» **Given material**
▼▼▼

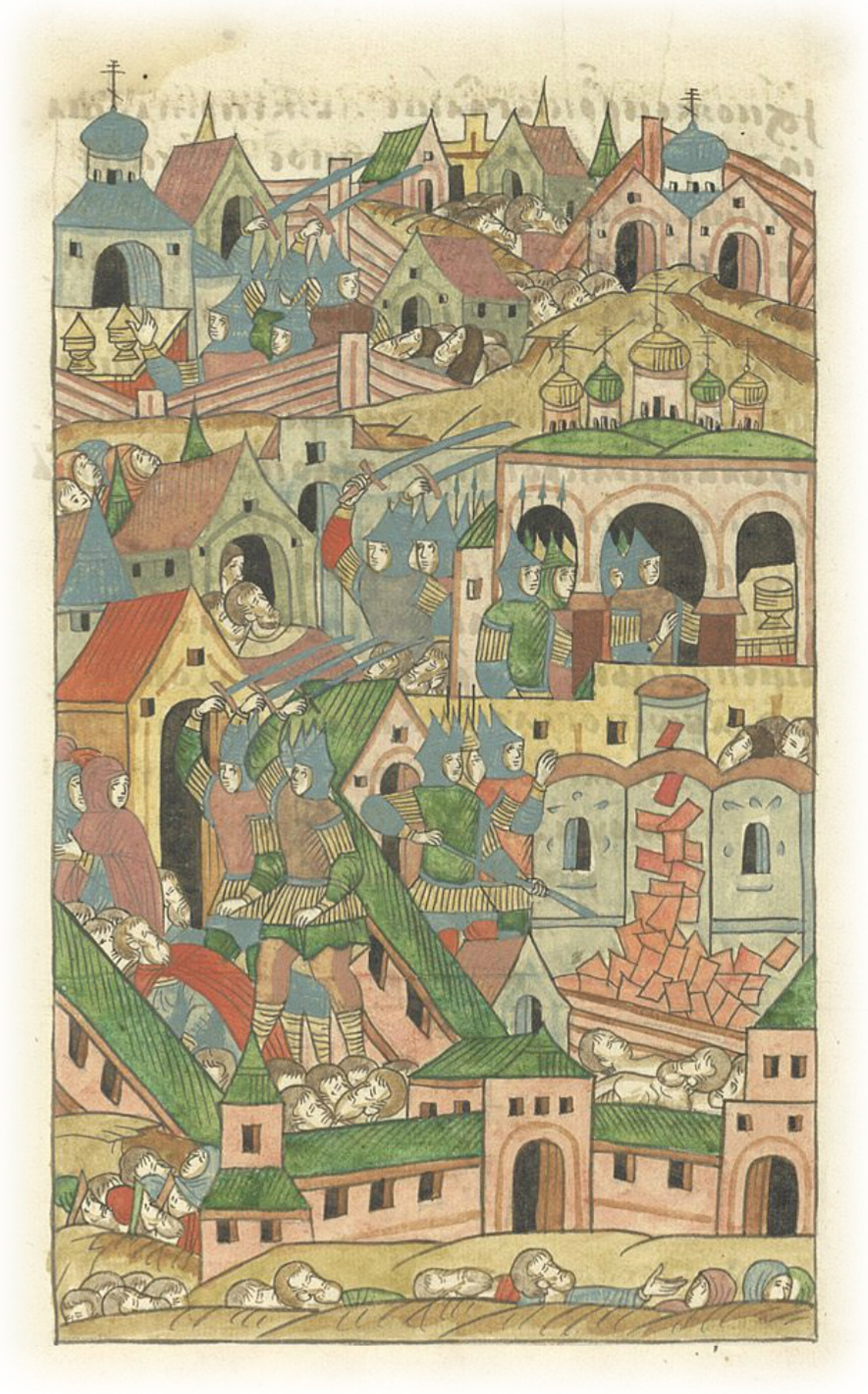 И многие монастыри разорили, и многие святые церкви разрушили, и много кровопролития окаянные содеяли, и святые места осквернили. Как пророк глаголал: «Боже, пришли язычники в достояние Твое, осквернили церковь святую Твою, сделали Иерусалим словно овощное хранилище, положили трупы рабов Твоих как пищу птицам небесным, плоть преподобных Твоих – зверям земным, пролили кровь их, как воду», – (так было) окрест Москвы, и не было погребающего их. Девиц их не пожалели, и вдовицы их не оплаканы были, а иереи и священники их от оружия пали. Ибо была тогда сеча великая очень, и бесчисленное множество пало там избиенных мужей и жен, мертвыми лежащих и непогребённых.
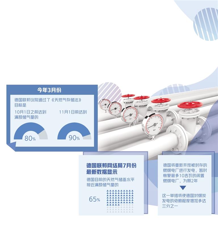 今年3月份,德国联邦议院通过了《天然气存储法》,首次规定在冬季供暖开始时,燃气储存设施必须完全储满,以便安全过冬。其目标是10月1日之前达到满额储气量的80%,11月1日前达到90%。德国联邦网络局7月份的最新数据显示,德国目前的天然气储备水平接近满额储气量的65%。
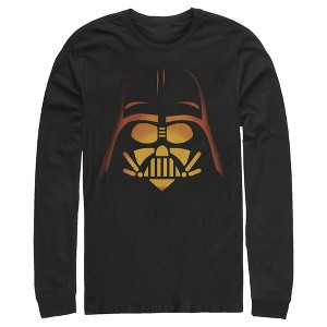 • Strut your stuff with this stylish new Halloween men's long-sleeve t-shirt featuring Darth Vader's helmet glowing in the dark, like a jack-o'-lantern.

▲▲▲

» **Work to complete**
Return all of the data exactly as written, and drop the pictures.

» **Final answer**
 И многие монастыри разорили, и многие святые церкви разрушили, и много кровопролития окаянные содеяли, и святые места осквернили. Как пророк глаголал: «Боже, пришли язычники в достояние Твое, осквернили церковь святую Твою, сделали Иерусалим словно овощное хранилище, положили трупы рабов Твоих как пищу птицам небесным, плоть преподобных Твоих – зверям земным, пролили кровь их, как воду», – (так было) окрест Москвы, и не было погребающего их. Девиц их не пожалели, и вдовицы их не оплаканы были, а иереи и священники их от оружия пали. Ибо была тогда сеча великая очень, и бесчисленное множество пало там избиенных мужей и жен, мертвыми лежащих и непогребённых.
 今年3月份,德国联邦议院通过了《天然气存储法》,首次规定在冬季供暖开始时,燃气储存设施必须完全储满,以便安全过冬。其目标是10月1日之前达到满额储气量的80%,11月1日前达到90%。德国联邦网络局7月份的最新数据显示,德国目前的天然气储备水平接近满额储气量的65%。
 • Strut your stuff with this stylish new Halloween men's long-sleeve t-shirt featuring Darth Vader's helmet glowing in the dark, like a jack-o'-lantern.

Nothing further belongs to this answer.